Requirements for the Genomics Data Analysis Platform
This partnership makes use of the hospital's position as leading academic and industrial organization in multimodal omics analysis and application, Sailegene's experience in GPU-accelerated genome data analysis, and Huawei's leading position in developing high-performance storage and advanced data management systems. Together, the three parties produce an acceleration analysis platform for multiomics data. This platform empowers the biotechnology industry with mass data and innovative storage technologies, facilitating and even directing the digital transformation in the healthcare industry.
WHS-IMOAP Acceleration Platform for Multiomics Data
In this partnership, each party plays a specific role.
WCH provides high-performance software algorithms to analyze operation data and identify performance bottlenecks. It is responsible to design an optimization solution and a top-level architecture. The hospital also set up an R&D team to work with platform for multiomics data, as part of the globally leading high-performance genomic analysis platform.

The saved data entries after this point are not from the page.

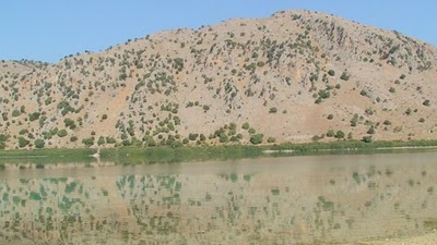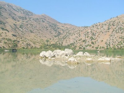 Às 9h. da manhã fomos ao magnífico lago Kournas. É um lago enorme no meio da serra. Tem duas cores. Azul muito escuro no centro e azul turquesa na orla. O lago é fechado a toda a volta. A água vem da serra e segue para o mar porque o lago, ao centro e no fundo, tem uma abertura natural por onde a água se escapa. Fomos ao banho no lago e em vez da água fria que esperávamos, encontrámos uma água límpida e morna. Foi espectacular.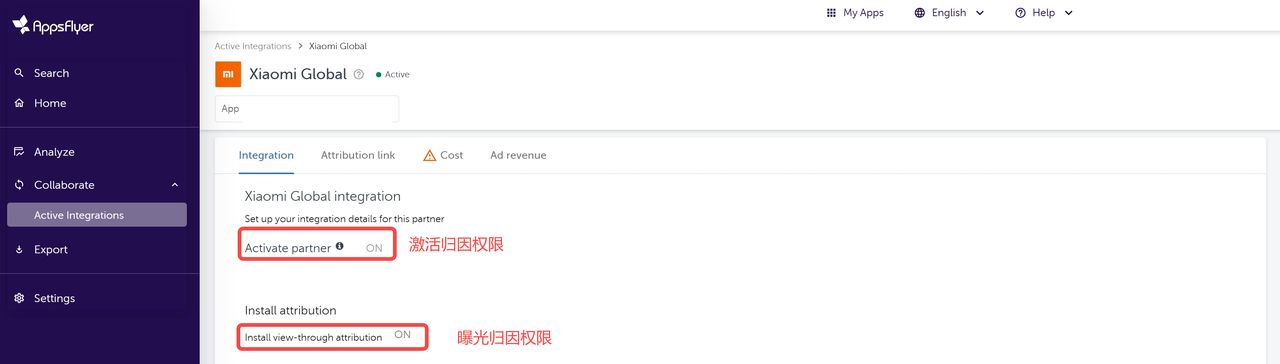 - 广告主在“integrated partner"中找到广告平台,并开启"Active Partner"开关,开关显示”on"后右下角点击保存。请确保 Install view-through attribution 切换键已设置为开启。
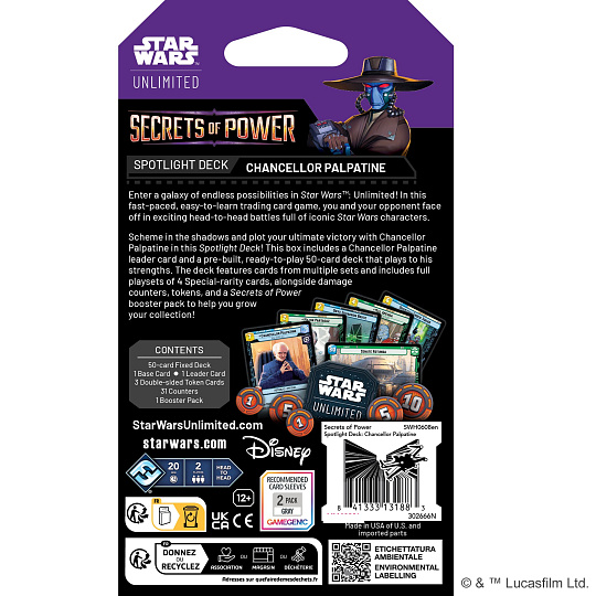 Vstupte do galaxie nekonečných možností ve hře Star Wars: Unlimited! V této rychlé a snadno pochopitelné sběratelské karetní hře si změříte síly s protihráčem v napínavých soubojích plných ikonických postav ze světa Star Wars. V ten pravý okamžik odhalte, co máte v ruce s Padmé Amidalou, anebo kujte pikle ve stínech a plánujte své konečné vítězství s kancléřem Palpatinem v tomto Spotlight Decku! Tento předpřipravený balíček s 50 kartami obsahuje vše, co potřebujete ke vstupu do šesté sady Secrets of Power.

Sailegene BaseNumber is an ultra-fast NGS data analysis platform that optimizes a single thread to multiple threads. It adds an intensive concurrent read/write mode for disks, to help improve both the write bandwidth (6 to 12 GB/s) and I/O throughput. BaseNumber also adds the fast cache synchronization to substantially accelerate the read and write of large files.

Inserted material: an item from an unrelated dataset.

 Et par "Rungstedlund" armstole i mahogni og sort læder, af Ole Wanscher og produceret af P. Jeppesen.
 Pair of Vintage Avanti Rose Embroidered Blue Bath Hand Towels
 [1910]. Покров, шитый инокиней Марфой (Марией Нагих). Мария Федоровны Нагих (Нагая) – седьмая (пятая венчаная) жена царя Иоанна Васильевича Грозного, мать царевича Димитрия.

Huawei OceanStor Pacific mass data storage serves as the storage foundation that's to its strengths in performance. Because sequence alignment is a process in which big data sets are imported into the memory for processing, there is a huge demand for high single-thread storage bandwidth. Compared with WCH's legacy storage devices, OceanStor Pacific provides double the single-thread read bandwidth and four times the single-thread write bandwidth, at an aggregated bandwidth of 30 GB/s read and 25 GB/s write with just four nodes. Therefore, it significantly improves the performance of the multiomics joint innovation platform.

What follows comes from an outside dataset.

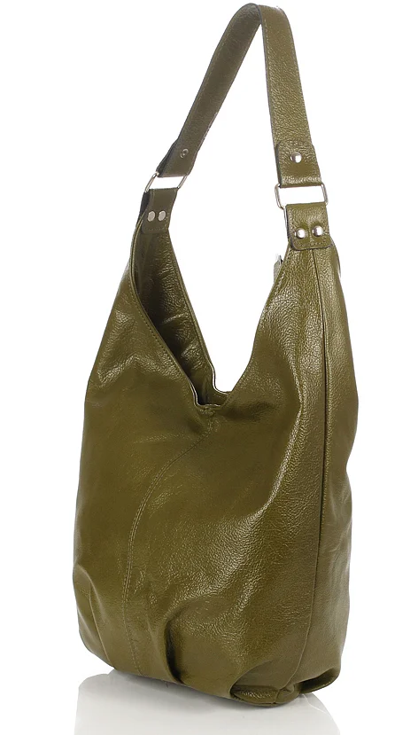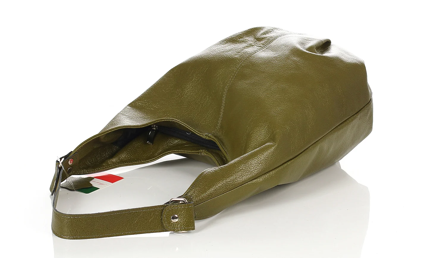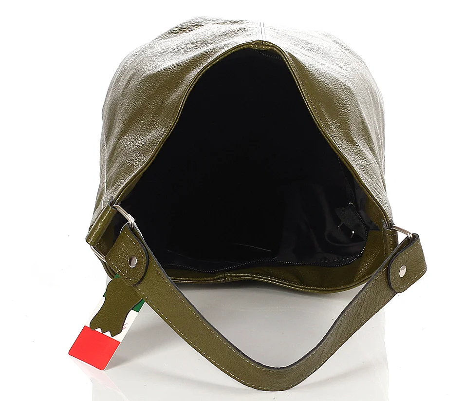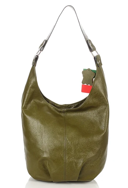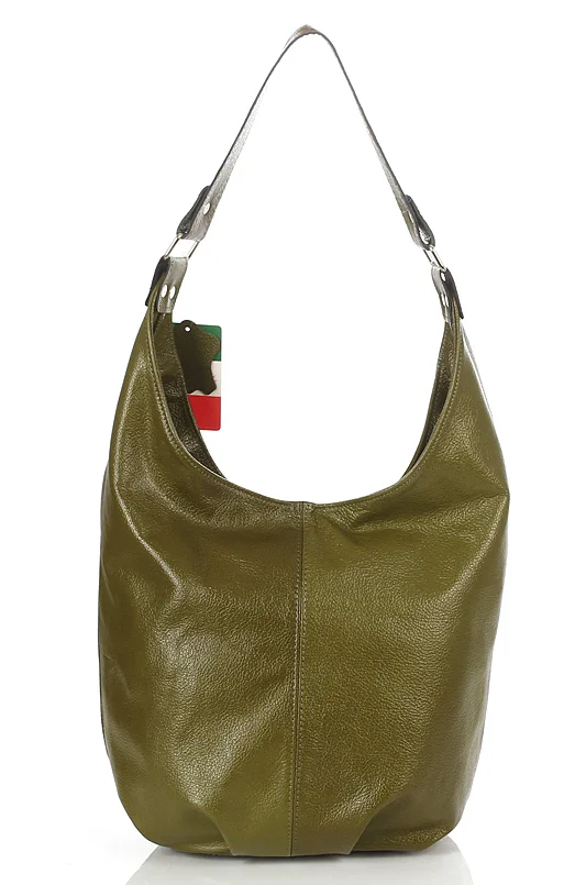 VERA PELLE Włoska skórzana zielona torebka worek | Skóra Naturalna

Time Comparison of WGS Processing Platforms
Through the comprehensive innovation of WCH, Sailegene, and Huawei in architecture, computing, and storage, the genome sequencing platform can complete analysis in just 7 minutes – a feat achieved for the first time globally. What is more, it completes the analysis at a rate 3.5 times faster than the legacy platform and 180 times faster than traditional solutions. At the 6th Biomedical Big Data and Intelligent Technology Application Summit, Dr. Yu Haopeng, data scientist at West China Biomedical Big Data Center, released the WHS-IMOAP high-performance genome analysis joint solution to the world, demonstrating the platform's capability to produce hWGS results within minutes. He announced that the age of multiomics big data has arrived. According to Dr. Yu, WCH introduced Huawei OceanStor Pacific, a converged analysis data foundation for diversified computing power, and Sailegene's GPU acceleration solution, into its acceleration analysis platform for multiomics data, helping shorten multiomics data analysis to minutes. He also pointed to this project as the defining moment in popularizing precision medicine in healthcare.
The seven-minute analysis for hWGS sets a benchmark for the global healthcare industry, and has far-reaching clinical and scientific research significance. In the future, the joint innovation platform will continue to process epigenomics, proteomics, and transcriptome data sets, and cover all practical clinical applications to help us better understand the human body.